# Mississippi Valley Retriever Club



## ljshaffer (Oct 3, 2009)

First open series is a tight triple.temperature is 43° with a 15 to 25 miles an hour WNW wind there are heavy freeze warnings for the area tonight.


----------



## ljshaffer (Oct 3, 2009)

Derby second series everyone is called back


----------



## [email protected] (May 31, 2014)

Any news on open call backs ??


----------



## golden boy 2 (Mar 28, 2005)

Auggie #1 won the derby!


----------



## John Gassner (Sep 11, 2003)

Phil Heye's dog Chewy won the Open. I think titling him. Congratulations to Phil and handler Trey Lawrence. Was told that Bill Burks won the Amateur. Alex Washburn won the Q.


----------



## shawninthesticks (Jun 13, 2010)

Congratulations to Phil & Trey !


----------



## huntinman (Jun 1, 2009)

shawninthesticks said:


> Congratulations to Phil & Trey !


Atta boy Trey!!!!


----------



## JTS (Apr 29, 2005)

Congratulations.......

Clint Mann Qualifying 2nd, Jam and Open Jam
Rip Shively Qualifying 4th

Way to go guys.....nice weekend!!!


Also congratulations to Brian Rolling on the Derby 3rd.......looks like "Hex" is finishing his derby career on a strong note.....nice going!


----------



## captain2560 (Jan 23, 2007)

Congrats to Phil and Mary Heye and Trey Lawrence and Dana, and New FC Redd Man.


----------



## Beverly Burns (Apr 20, 2006)

Congratulations to Phil and Mary and "Chewy". Trey has done a great job.

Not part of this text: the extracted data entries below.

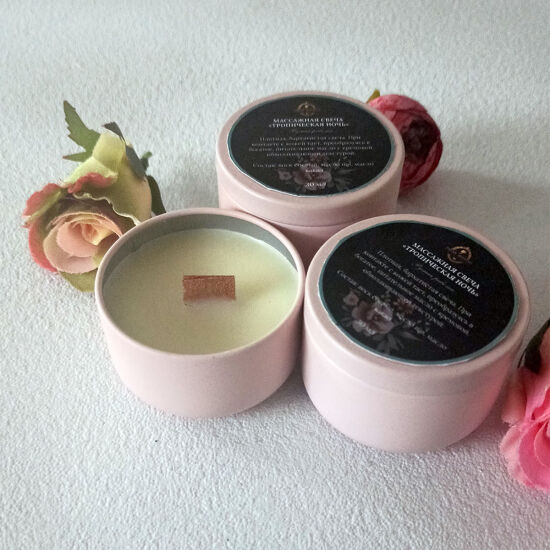 Плотная, бархатистая свеча. При контакте с кожей тает, превращаясь в богатое, питательное масло с кремовой, обволакивающей текстурой. Легко распределяется и после массажа хорошо впитывается, оставляя кожу шелковистой, без ощущения липкости или тяжелой жирной пленки.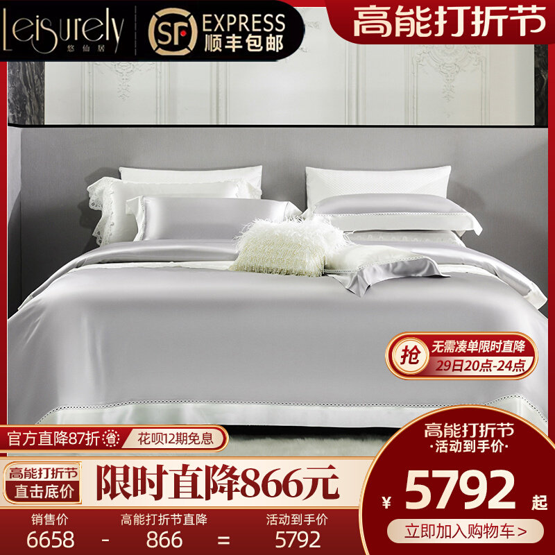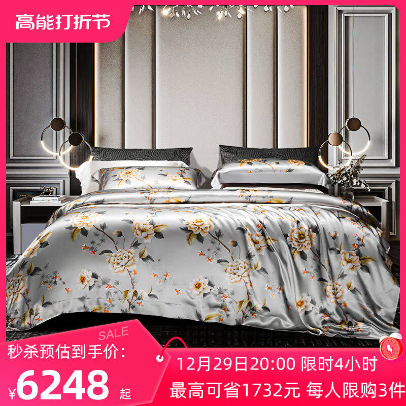 高端28姆米真丝四件套100%桑蚕丝银色花卉被套床单笠丝绸床上用品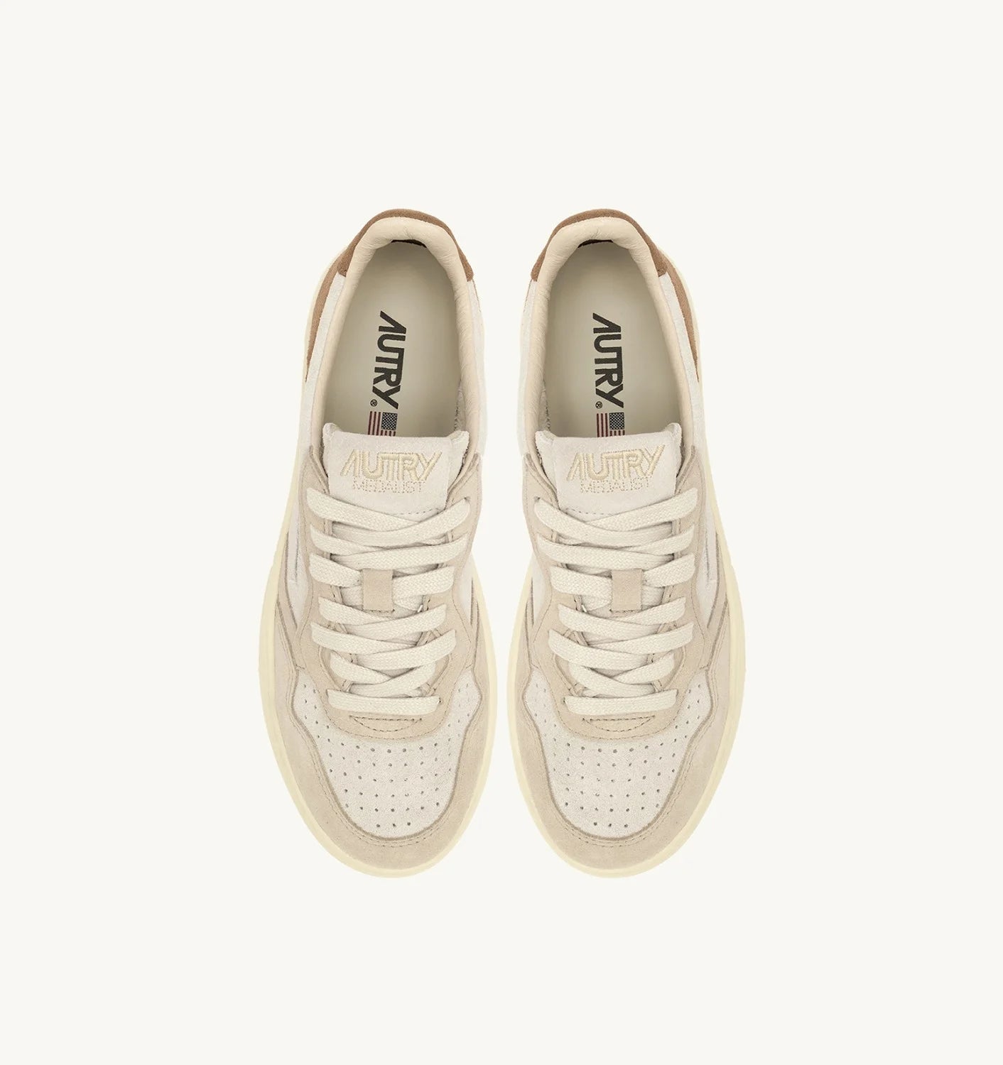 Questa scarpa da ginnastica da uomo è realizzata in morbido suede color block, rifinita con la lavorazione a microfori sulla punta che offre un'ottima traspirabilità. Il dettaglio sul tallone in suede è personalizzato con il logo Autry.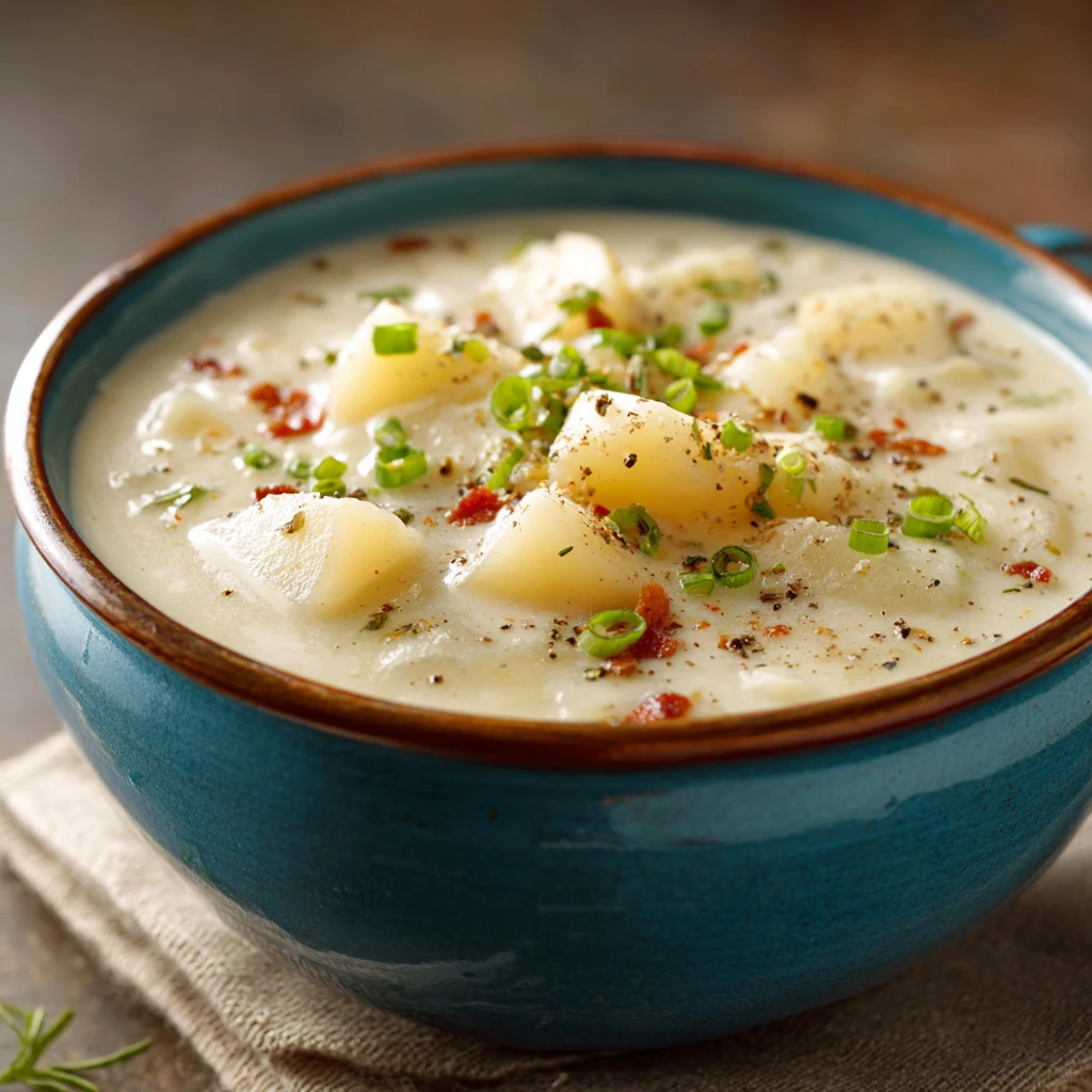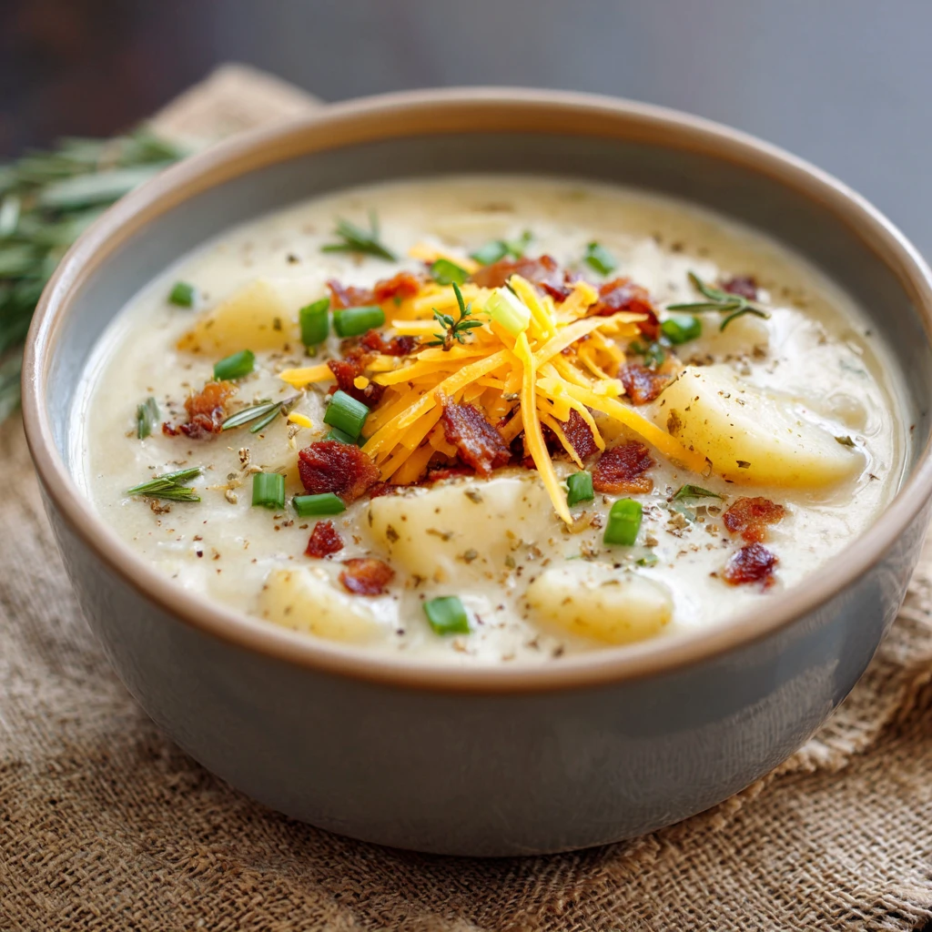 7. Serve and garnish: Ladle the soup into bowls and top with sour cream (optional), crumbled bacon, shredded cheddar cheese, and chopped green onions. Enjoy!

New Golden FC!


----------



## mjh345 (Jun 17, 2006)

Way to go Clint Mann and all finishers
Special props to Bill Burks and Porter. You are making Suzie PROUD


----------



## Suzanne Burr (Jul 13, 2004)

Huge Congratulations to Phil, Mary, Trey, and especially Chewey from a very proud grandma. If I hadn't been on the Traffic committee and set to work the gate when it was held in Morgan Hill, CA, I never would have met Phil and who knows who would have ended up with that red rascal. Trey has done a wonderful job with him.
Suzanne Burr


----------



## Terry Britton (Jul 3, 2003)

Congratulations!!!! 

We hope his daughter Britton's Red Echo Lightning Storm (Stormy) follows in his footsteps. Her litter mate, River, tore up the dock diving competitions last year. Stormy has been like a little rocket through her first hunting season and training. She passed her first tests this weekend, and hope to do well in tests and derbies before she turns two. She has been amazing to train and work with.


----------